I don’t know if he’s capable of that conversation even at his age of 56. He still blames the world for his problems and he still takes it out on the family he has left around him…which isn’t many. He lives alone. He has chosen his path.

But here’s where I am conflicted: what I have learned in terms of communicating within a family unit is dysfunctional. I am passive aggressive, I navigate the room by sensing other peoples moods and body language and feel uncomfortable with direct, verbal communication. I never come right out with what is bothering me – I send my negative mood out in waves and nobody is exempt from being washed over. I feel like a monster when it happens. I feel like my father. And I don’t like him much so what is there really to like about me? Only it spirals much deeper than that.

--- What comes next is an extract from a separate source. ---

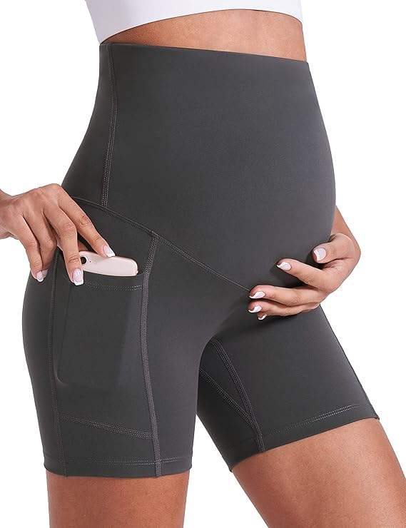 Enerful Women's Maternity Yoga Shorts Over the Belly Comfy Biker Workout Active Pregnancy Gym Short Pants with Pockets 8"/5"

And my husband, especially, has been the one to remind me that this is not who I am – it is a condition of what has happened. And I want desperately to believe it. In my empathetic moments, I apply this to my father – but I also believe that when you are able to take control, you have a responsibility to do so. And then I feel that the only real difference between me and my father is my will to be better. My husband disagrees. He tries so very hard to separate that notion and deep down, I know he’s right. We are two different people. But the parent/child bond is the cement upon which the rest of the foundation is built. How on earth do I take that a part?

I will admit that a part of holding onto this identity is actually a weird sense of  self-preservation. I feel that if I don’t hurt enough, and make it known to others that I feel this deeply in my pain…that it will disappear, and me along with it. That this will all have been for nothing.

So it begs the question: Who am I without my pain?